In 1997, at the age of 26, Jacobsen moved to German Handball-Bundesliga team TSV Bayer Dormagen. Jacobsen scored 189 goals in 28 Bundesliga matches during the 1998 season, though Bayer Dormagen finished in 14th placed, and were eventually relegated. However, Jacobsen had caught the attention of reigning Bundesliga champions THW Kiel, and following one year at Bayer Dormagen, he moved on to Kiel.

At Kiel, Jacobsen was coached by German coach Zvonimir Serdarušić, and it was here he became one of the best left wingmen in the world. The temperamental Jacobsen was also taught to be a team player, by his new Swedish teammates Magnus Wislander, Staffan Olsson and Stefan Lövgren. When Jacobsen complained that Stefan Lövgren would not play him the ball, Lövgren replied: "When you talk nicely, you will get the ball." Jacobsen and Lövgren soon became close friends. In the following three seasons, Jacobsen scored 1015 goals in a total 142 games for Kiel, as the club won two Handball Bundesliga championships and two German Cup titles. Kiel also finished second in the international 1999–2000 EHF Champions League tournament, losing 52–54 on aggregate to FC Barcelona Handbol in the final.

On 27 September 1998, Jacobsen set a new record for most goals scored in a match for the Denmark national team, when he scored 15 goals against the Greece men's national handball team, in a qualification match for the 1999 World Handball Championship. Denmark won the game 33–20. The previous record of 14 goals in a game had been set by Flemming Hansen in 1971, and had been equalled by left wingman Lars Christiansen in another game against Greece, only four days before Jacobsen broke the record. Jacobsen was once again named Denmark Handball Player of the Year in 1999, and was selected for the 1999–2000 Bundesliga All-Star Team.

In the opening game of the 2001–02 Bundesliga season, Jacobsen injured his knee when he collided with the goalkeeper of opposing team SG Wallau/Massenheim. The injury became a recurring problem, and the following three seasons, Jacobsen played only 72 games, scoring 331 goals for Kiel. He still helped the club win another Bundesliga championship, as well as two international EHF Cup titles. The injury also meant, that Jacobsen was absent from the Denmark team which won bronze medals at the 2002 European Championship.
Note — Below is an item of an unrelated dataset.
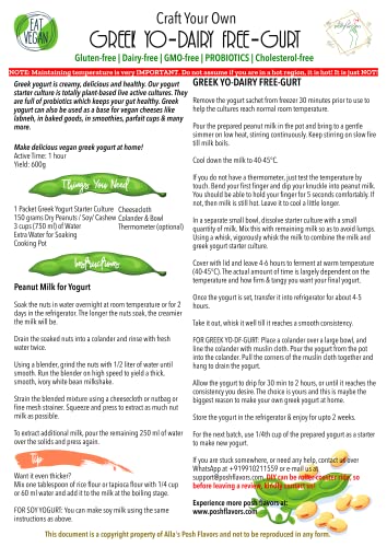 NON-GMO AND GLUTEN FREE: Craft-Your-Own Vegan Greek Yo- Dairy-Free-Gurt at home with absolute peace of mind with this starter culture as it contains only the right ingredients and nothing artificial.
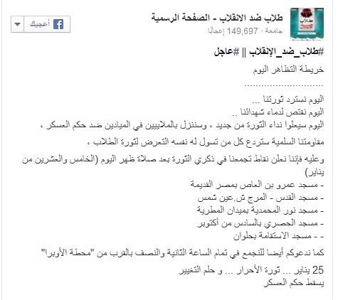 وقالت الحركة في بيان لها عبر صفحتها الرسمية على موقع التواصل الاجتماعي – فيس بوك – "اليوم نسترد ثورتنا ،اليوم نقتص لدماء شهدائنا ،اليوم سيعلوا نداء الثورة من جديد ، وسننزل بالملايين في الميادين ضد حكم العسكر" مقاومتنا السلمية ستردع كل من تسول له نفسه التعرض لثورة الطلاب "

Unable to fully recover from his injury, Jacobsen left Kiel in 2004 and moved back to Denmark to become player-coach.

Coaching career
Nikolaj Jacobsen moved to Viborg HK in the Danish Handball League; the club of his birth town of Viborg. While at Viborg HK, Jacobsen undertook a teacher education, and coached handball at Viborg HK's sports college. At Viborg HK, Jacobsen played under Danish head coach Ulrik Wilbek. When Wilbek left to coach the Denmark national handball team, Jacobsen became assistant coach to new head coach Søren Hildebrand, while still maintaining his active career. Jacobsen scored 71 goals in 28 league games for Viborg during his time at the club, but focused increasingly on his role as assistant coach. In Jacobsen's time at Viborg, the club finished runners-up in the 2007 Danish Handball League, and reached two Danish Cup finals.
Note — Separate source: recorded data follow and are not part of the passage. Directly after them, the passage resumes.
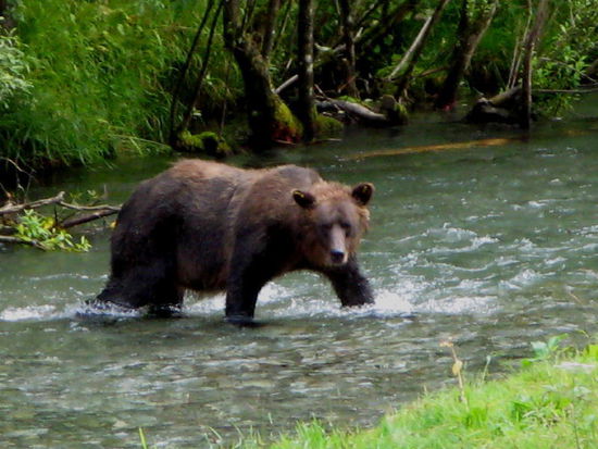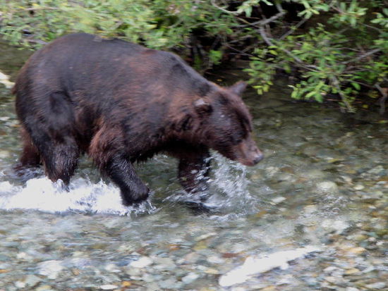 Wieder unten an einem Seitenkanal erleben wir ein richtiges Naturschauspiel...; ein Grizzly watet durch den Fluss...
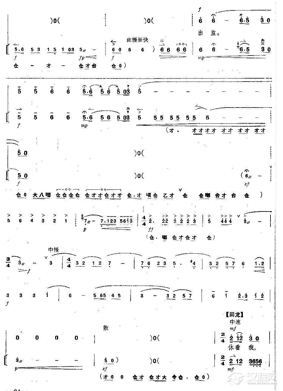 戏曲曲谱李香莲进书房破口大骂
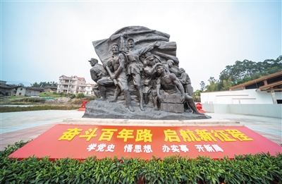 涵江区大洋乡闽浙赣人民游击纵队闽中支队司令部旧址石碑上的英雄群像。

In 2007, Jacobsen moved to rival Danish Handball League club Bjerringbro-Silkeborg Voel (BSV), to fill the role of assistant coach to Danish head coach Carsten Albrektsen. Jacobsen did also play a few games for BSV, scoring six goals in nine league matches. BSV finished runners-up twice and in third place once, in the five seasons Jacobsen spent with the club. During his time at BSV, Jacobsen clashed with management over coaching principles, and even considered ending his coaching career.

It was time for Jacobsen to become head coach, and he moved to Danish Handball League team Aalborg Håndbold in 2012. He brought former teammate Morten Bjerre with him, as assistant coach. In his first season at the club, Aalborg won the 2013 Danish Handball League, and finished runners-up in his second season. By then, Jacobsen had announced his intention to leave Aalborg in 2014.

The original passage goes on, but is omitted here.